## Task goal
Starting from the line that holds "V detaile zaokrúhlenia", output exactly each line through the end of the listing. Do not copy pictures.

**** Collected material ****

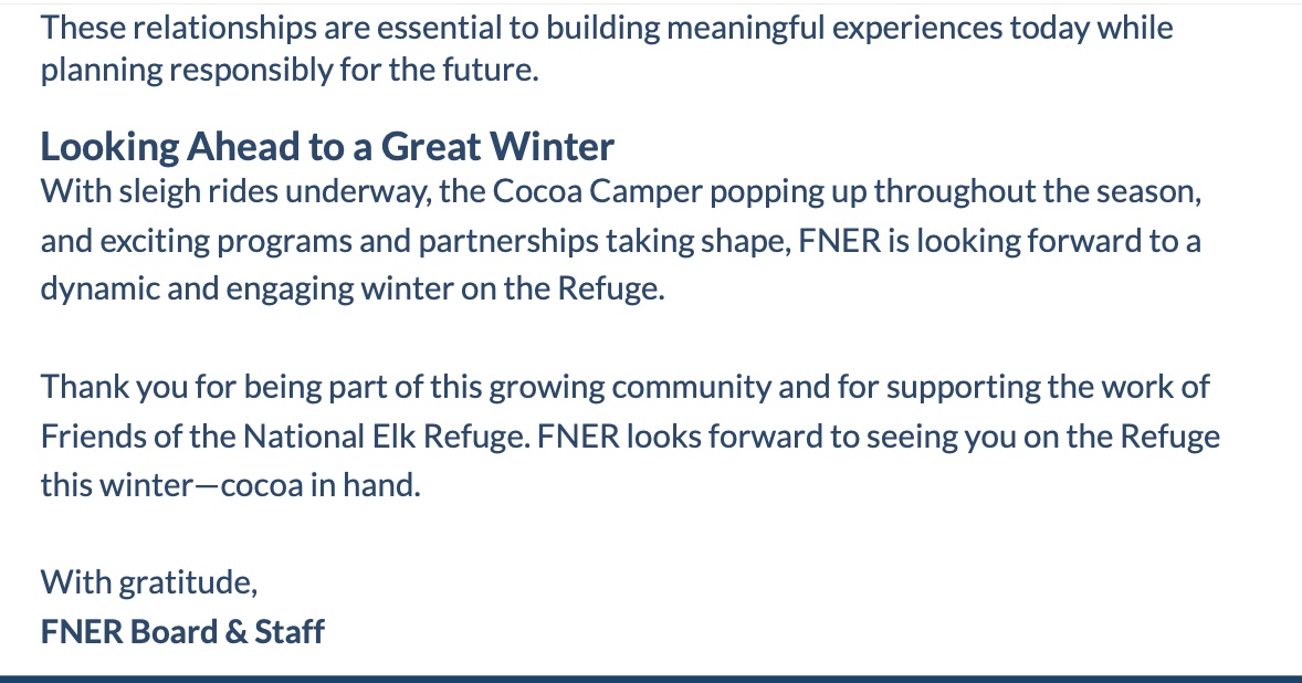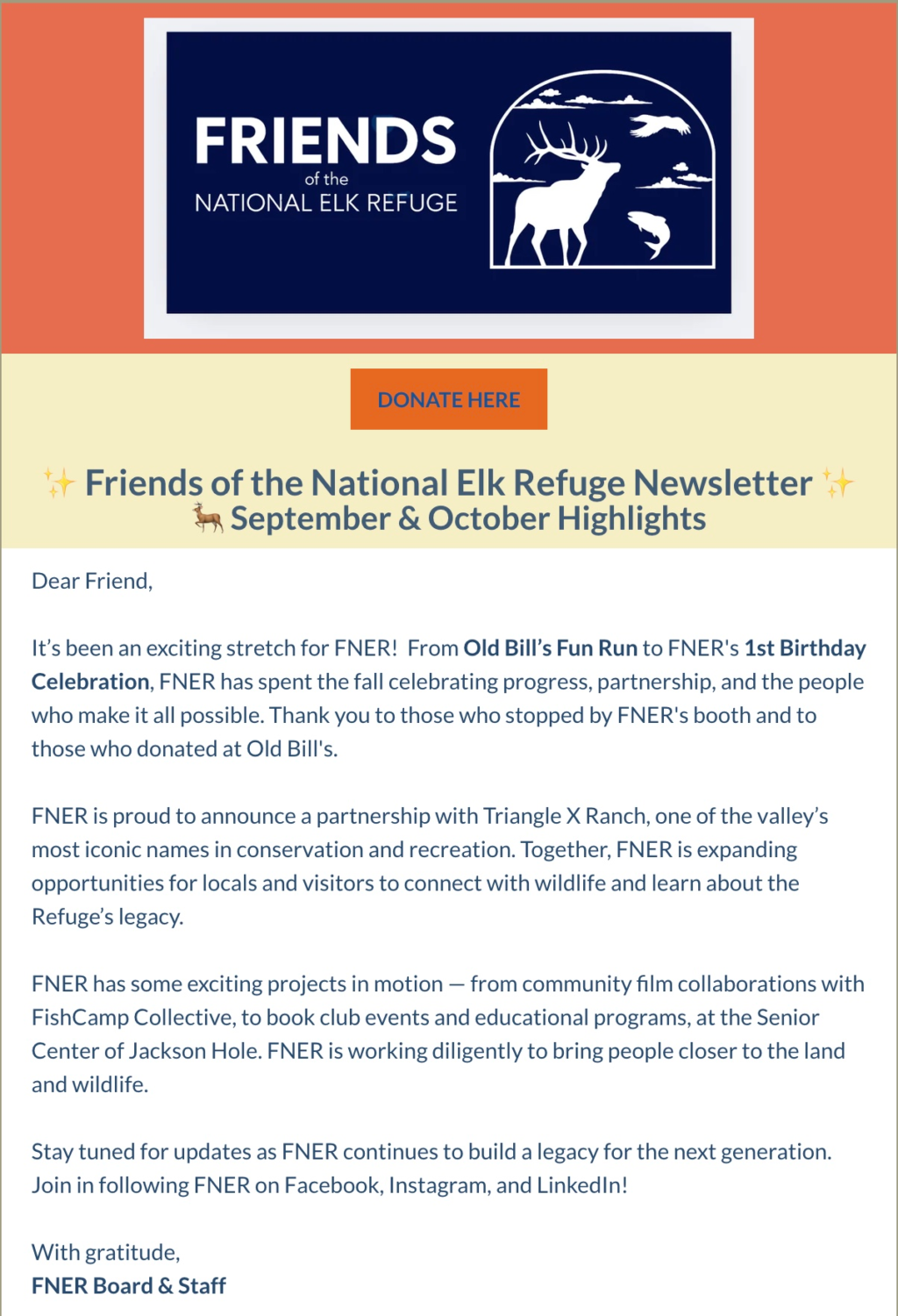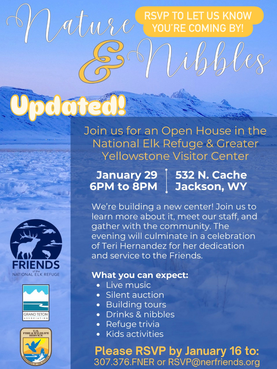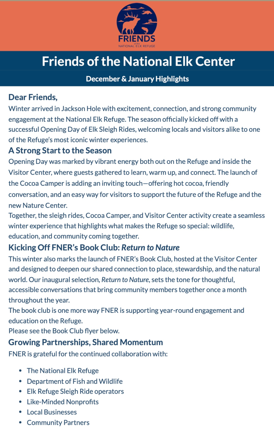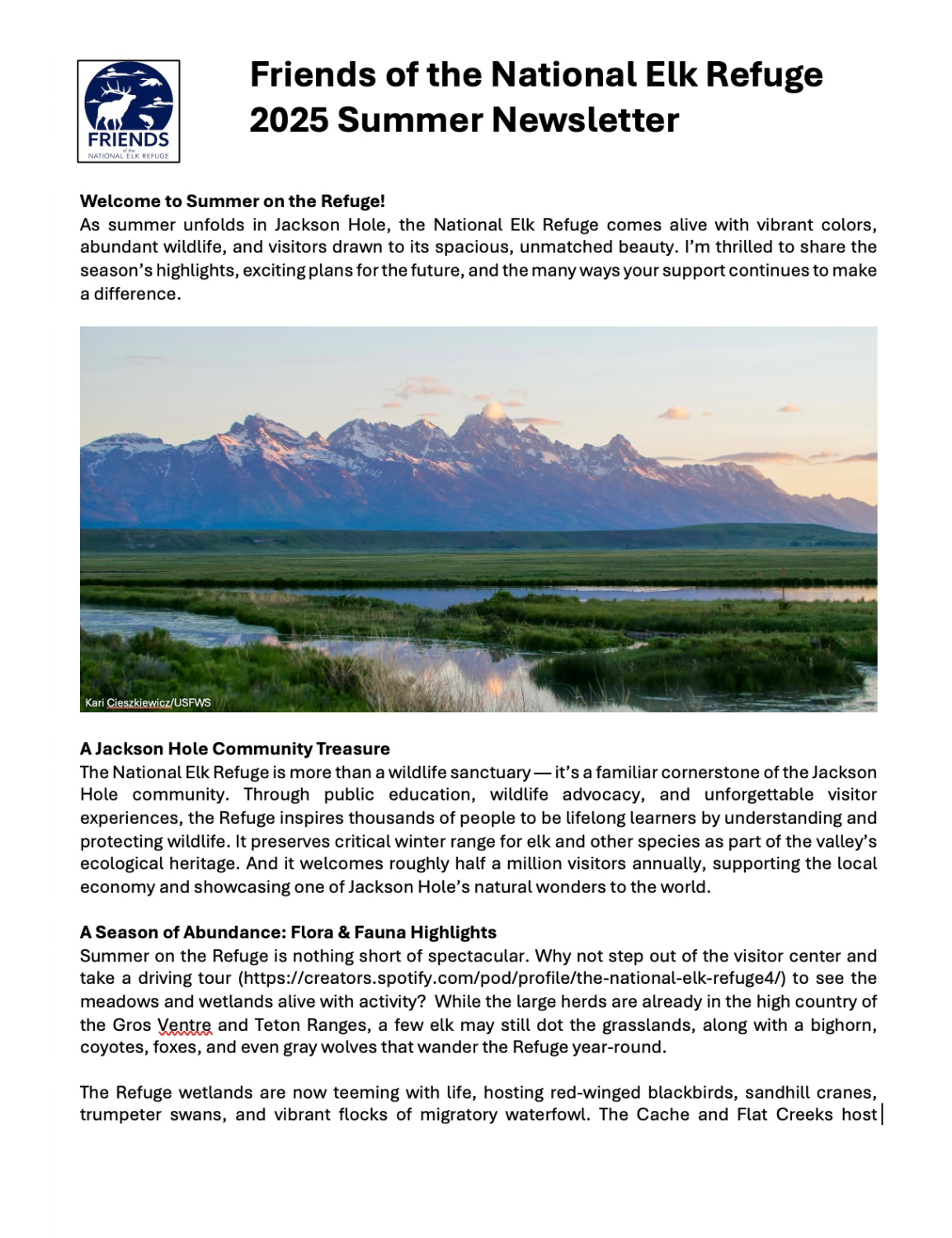 Friends of the National Elk Refuge, Inc. is a Wyoming nonprofit corporation registered under IRS Code 501(c)(3). The Friends welcome both cash and in-kind donations. Cash donations may be tax-deductible depending on donor’s individual circumstances. The Friends do not appraise or assess the value of in-kind donations such as investment securities, materials, or services. Determination of the tax-deductible value of in-kind donations is the responsibility of the donor.
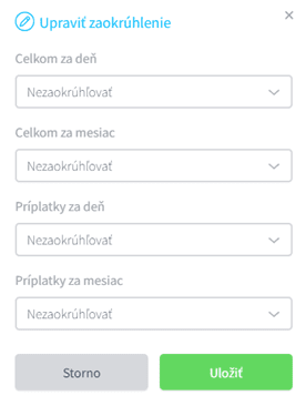 V detaile zaokrúhlenia je v rozbaľovacom okne možnosť zvoliť, ako sa daný deň, mesiac a príplatky majú zaokrúhľovať.
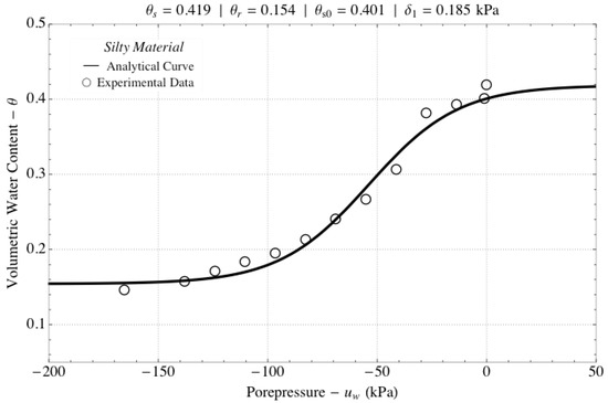 Moreover, the Silty Material from Aubertin et al. [22] was chosen to represent a fine soil. Similarly, Figure 4 shows the experimental data and the analytical curve with its fitting parameters.

****

## Reply to the exercise
 V detaile zaokrúhlenia je v rozbaľovacom okne možnosť zvoliť, ako sa daný deň, mesiac a príplatky majú zaokrúhľovať.
 Moreover, the Silty Material from Aubertin et al. [22] was chosen to represent a fine soil. Similarly, Figure 4 shows the experimental data and the analytical curve with its fitting parameters.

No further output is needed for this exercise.